The Saracen struggled to stand up but the chains held him down.

"Filthy Shaitan," he growled. "You were a fool to spare my life! Do you think I could ever forget? I will live to make you pay! So if you've any sense, either kill me, or cut my arms and legs off and render me useless for my crimes!"

"Bin Suleiman, I am a logical man, not a wasteful one," Tindal exhaled. "If you were to die, I'd be at a terrible loss. Think about it. Thanks to your services, I am able to take this castle and it's titles with clean hands. You, my friend, are more useful to me than my whole band put together. And will continue your usefulness in the years to come…"

"I will never fight for you again! Never!"

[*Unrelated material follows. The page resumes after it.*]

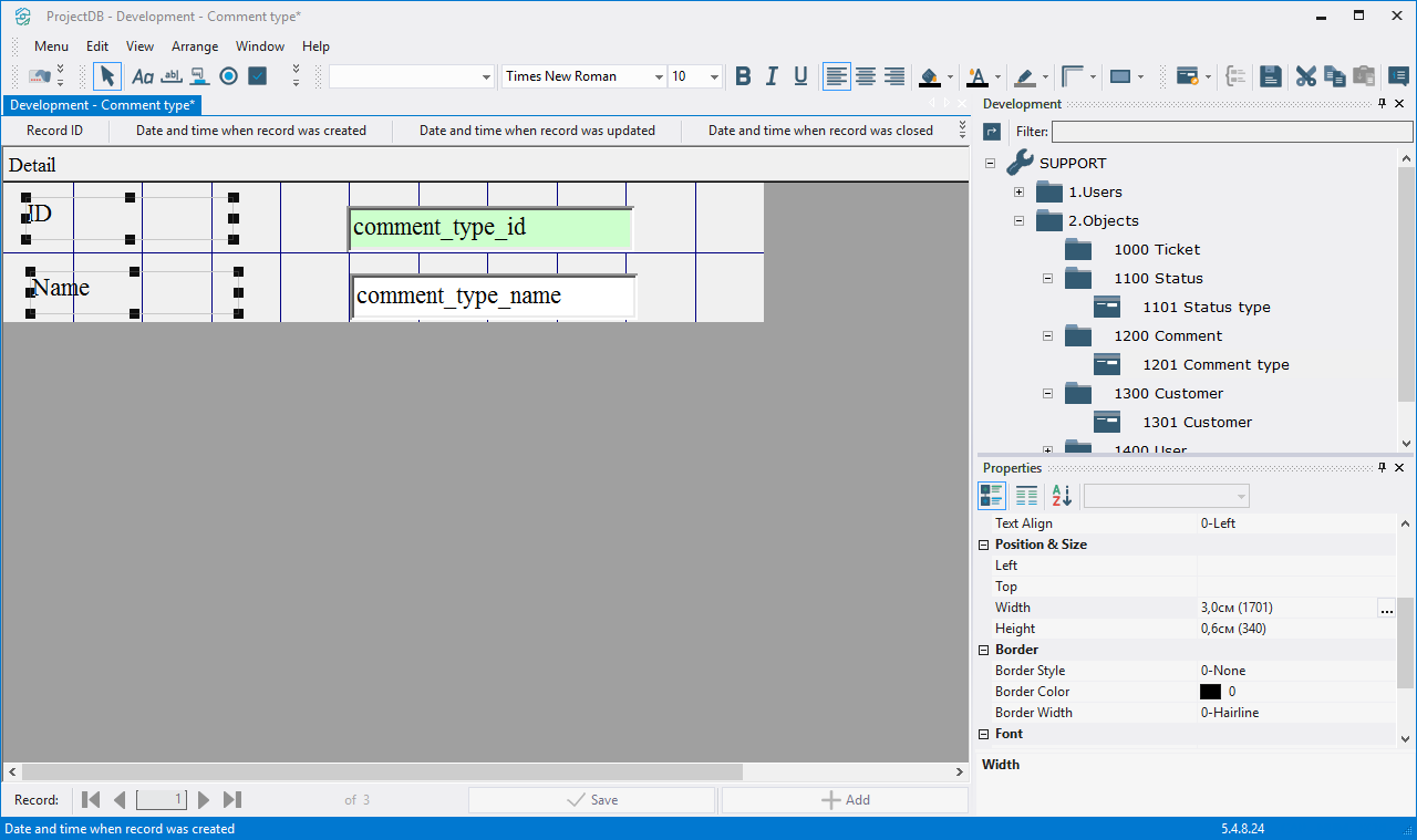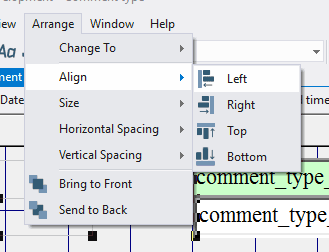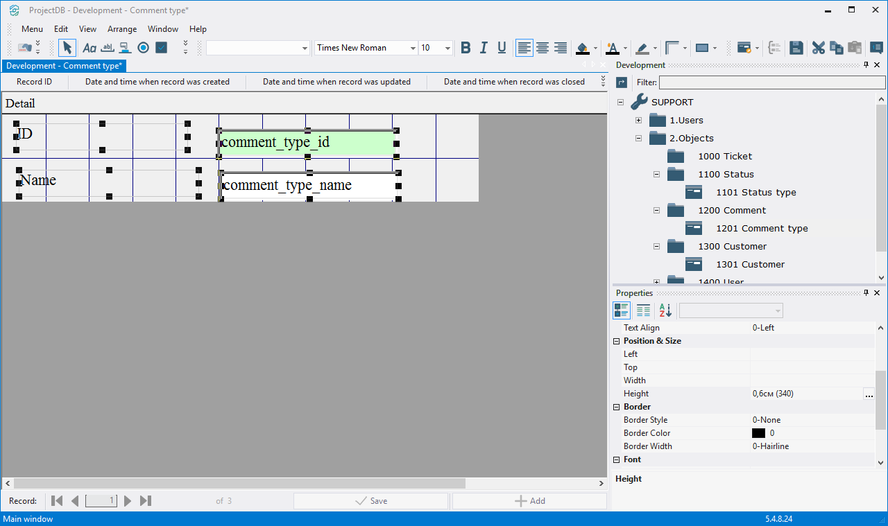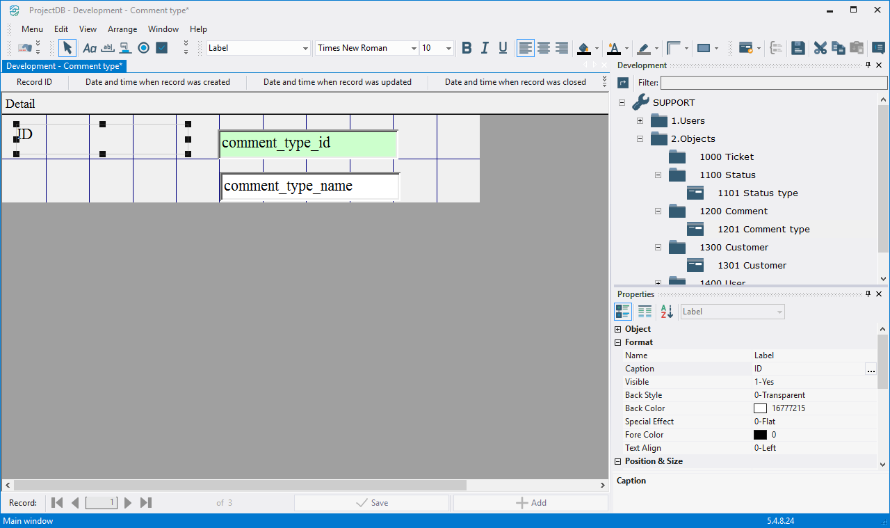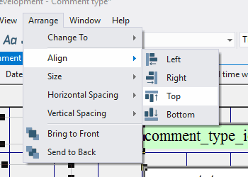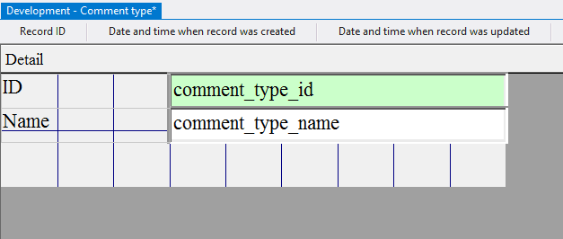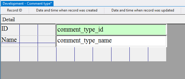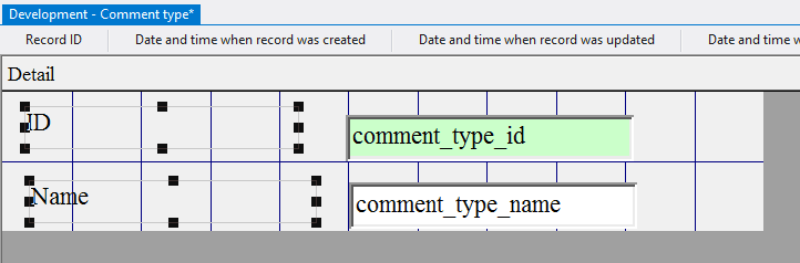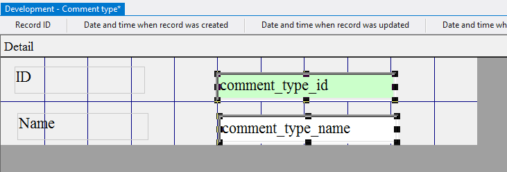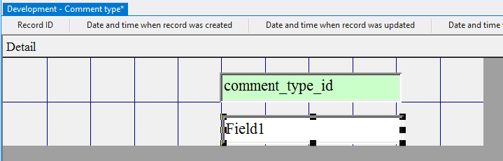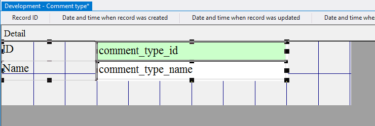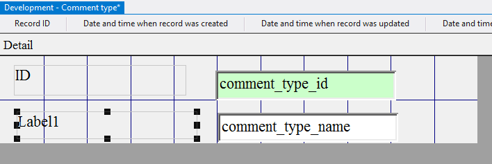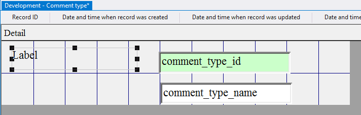 4.4.3.14. Press the left mouse button and, without releasing it, outline the size of label so that the label is left to the field comment_type_id;

"Oh, but you will. You have something to search for. Your immediate family may or may not have been slaughtered, but the chance that they live still haunts you. You can't possibly turn away from that chance. Besides, you Arabs are rather like rats in your breeding methods, and I have no doubt your noble father produced quite a litter. Surely at least a few might be willing to embrace their brother, who was dead but now is alive again. Would that not be pleasant for you, to have such a fond reunion?" He smiled smugly. "So calm yourself. Hate me as much as you want, but remember that I can be good to those who serve me well."

"You are a devil."

"Yet even the devil must honour his own demons. They would not serve him so loyally if he was not at least somewhat loyal to them. So keep up the good work, and you get more privileges than any other pious Christian master would give his heathen dog. Win my trust, and perhaps you may one day win your freedom." Tindel walked away slowly. "I am proud of you, Cobra. Killing three of my men, wounding another, all for the sake of a dead little girl. Such a noble savage you were today..."

Kashif sat silently in his chains. Defeated.

He was defeated by his own sense of duty, hammered into him since his birth. From his parents. From the Islamic scholars and the Ulema he sat with. From his beloved Sultan.

He had to live because he had responsibility. Tindel had bound him by his own heart.

Oh Allah. Please grant me vengeance. I know the Ulema would say such a prayer would curse me, that it would be ugly to Your ears. But please, Allah..Grant me vengeance. Against Tindal. Against myself.

He lay in the bed where they had slept together, where he had held her in his arms, and cried himself to sleep. But sleep brought him no peace.

He kept seeing her lying lifeless, bathed in blood, like a little slaughtered lamb at Eid, like her martyred patroness saint.

He awoke every little while, only to sob more, until his beard and the pillow was drenched in his tears and his whole body felt drained of strength..

And he never felt so utterly alone as he did on that cruel, silent night.